В дополнение к привычным ощущениям в паху в этот день Хью отметил, что у него еще и учащалось дыхание, когда мистер Горслайн застывал за спиной.

После работы он зашел в маленький бар на Лексингтон-авеню, в котором трижды в неделю встречался с Джин. Она его ждала, допивая первый стаканчик виски. Он сел рядом, приветствуя, сжал руку. Они любили друг друга уже одиннадцать лет, но он поцеловал ее лишь однажды (в День победы), потому что когда-то она училась с Нарцисс в колледже в одной группе и еще на ранних стадиях своего романа они решили не опускаться до греха.

Джин, высокая, величественного вида женщина, выглядела очень моложаво, возможно, потому, что жизнь ее не баловала и приходилось вертеться. Они встречались в маленьких грустных барах на исходе дня, тихо, с ностальгическими нотками говорили о том, что все могло бы быть по-другому. На начальном этапе романа разговор у них шел веселее, на полчаса, а то и дольше к Хью возвращались оптимизм и уверенность, присущие ему в годы учебы в колледже, где он считался одним из лучших студентов, до того как ему стало ясно, что блестящая память, талант, ум и удача совсем не обязательно идут рука об руку.

– Я думаю, в самое ближайшее время мы должны положить этому конец, – говорила Джин, пока Хью маленькими глотками пил виски. – Ни к чему это привести не может, а меня все больше мучает совесть. Я чувствую себя виноватой. А ты?

Ранее у Хью даже не возникало таких мыслей. Вину он мог чувствовать разве что за поцелуй в День победы.
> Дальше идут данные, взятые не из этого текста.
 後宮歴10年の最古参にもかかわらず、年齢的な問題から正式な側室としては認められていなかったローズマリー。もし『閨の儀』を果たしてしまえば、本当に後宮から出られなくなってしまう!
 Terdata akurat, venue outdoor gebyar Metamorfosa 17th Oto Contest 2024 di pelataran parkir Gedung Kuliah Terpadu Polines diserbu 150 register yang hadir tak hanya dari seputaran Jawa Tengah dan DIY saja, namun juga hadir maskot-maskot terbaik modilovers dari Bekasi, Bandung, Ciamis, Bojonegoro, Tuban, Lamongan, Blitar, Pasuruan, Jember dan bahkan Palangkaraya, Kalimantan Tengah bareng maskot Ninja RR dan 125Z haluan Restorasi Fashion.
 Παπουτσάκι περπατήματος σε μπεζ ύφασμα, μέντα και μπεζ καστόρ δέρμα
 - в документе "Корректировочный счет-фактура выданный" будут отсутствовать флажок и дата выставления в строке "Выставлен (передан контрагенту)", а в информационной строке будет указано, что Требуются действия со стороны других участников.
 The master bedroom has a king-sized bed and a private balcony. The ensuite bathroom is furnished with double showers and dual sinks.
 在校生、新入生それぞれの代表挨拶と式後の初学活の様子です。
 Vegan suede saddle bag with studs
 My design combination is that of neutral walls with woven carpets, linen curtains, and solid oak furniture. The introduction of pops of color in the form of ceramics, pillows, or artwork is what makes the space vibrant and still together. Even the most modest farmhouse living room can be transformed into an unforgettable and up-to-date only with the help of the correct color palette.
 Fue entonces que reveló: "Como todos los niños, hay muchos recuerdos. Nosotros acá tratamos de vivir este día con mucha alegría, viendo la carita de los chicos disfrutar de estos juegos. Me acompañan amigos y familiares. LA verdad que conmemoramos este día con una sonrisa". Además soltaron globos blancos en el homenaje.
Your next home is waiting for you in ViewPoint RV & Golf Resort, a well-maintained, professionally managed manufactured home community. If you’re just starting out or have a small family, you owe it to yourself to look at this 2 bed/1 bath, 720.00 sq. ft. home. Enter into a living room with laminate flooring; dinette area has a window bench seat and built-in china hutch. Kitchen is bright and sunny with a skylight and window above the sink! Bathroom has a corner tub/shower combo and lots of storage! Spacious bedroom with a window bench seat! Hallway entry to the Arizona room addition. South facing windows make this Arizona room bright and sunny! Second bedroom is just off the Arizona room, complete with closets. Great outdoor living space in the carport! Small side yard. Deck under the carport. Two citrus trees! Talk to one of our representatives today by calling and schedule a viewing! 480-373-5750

Но после слов Джин он вдруг понял, что отныне чувство вины не покинет его, оно будет возникать всякий раз при их встречах в баре.

– Да. – Голос его переполняла печаль. – Наверное, ты права.

– Я собираюсь уехать на лето, – продолжала Джин. – В июле. А по возвращении больше не буду с тобой встречаться.

Хью тоскливо кивнул. До лета еще пять месяцев, но ощущение пустоты возникло мгновенно.

Ему пришлось стоять и по дороге домой. Народу в вагон набилось столько, что он даже не мог перевернуть страницу газеты. Хью читал и перечитывал одну и ту же статью, думая: «Как же хорошо, что я не президент».

В вагоне было жарко, зажатый среди других пассажиров, он чувствовал себя толстым и неуклюжим и вдруг понял, что действительно набрал лишний вес. Это ему совершенно не нравилось. А потом, перед тем как поезд остановился на Двести сорок второй улице, он вспомнил, что оставил сумочку из крокодиловой кожи на своем столе. От ужаса пересохло в горле и задрожали колени. Не хотелось даже думать о том, что его ждет дома, если он переступит порог с пустыми руками. Укоризненные взгляды, невысказанные упреки, наверняка слезы. И дело было совсем не в том, что он не доверял женщине, которая убирала его кабинет и однажды (3 ноября 1950 года) украла из верхнего правого ящика, в этом он мог поклясться, марки авиапочты на сумму один доллар тридцать центов. Нет, стоя в уже опустевшем вагоне, Хью пришлось признать, что за один-единственный день он дважды что-то забыл. А ведь он не мог припомнить, чтобы с ним такое случалось.

Он коснулся головы кончиками пальцев, надеясь найти этому хоть какое-то разумное объяснение. Решил бросить пить. Выпивал он всего пять или шесть стаканчиков виски в неделю, но частичная амнезия, вызываемая употреблением алкоголя, – факт, доказанный медициной. Возможно, у него исключительно низкий порог толерантности.

Вечер прошел, как он и ожидал. На станции он купил для Нарцисс розы, но ничего не сказал о сумочке из крокодиловой кожи, разумно рассудив, что это признание будет воспринято как новое оскорбление. Хью даже предложил поехать в город и отпраздновать годовщину их свадьбы в ресторане, но Нарцисс весь день жалела себя и настолько вошла в образ мученицы, что настояла на домашнем обеде, и они съели рыбу, которая стоила девяносто три цента за фунт. К половине одиннадцатого Нарцисс уже плакала.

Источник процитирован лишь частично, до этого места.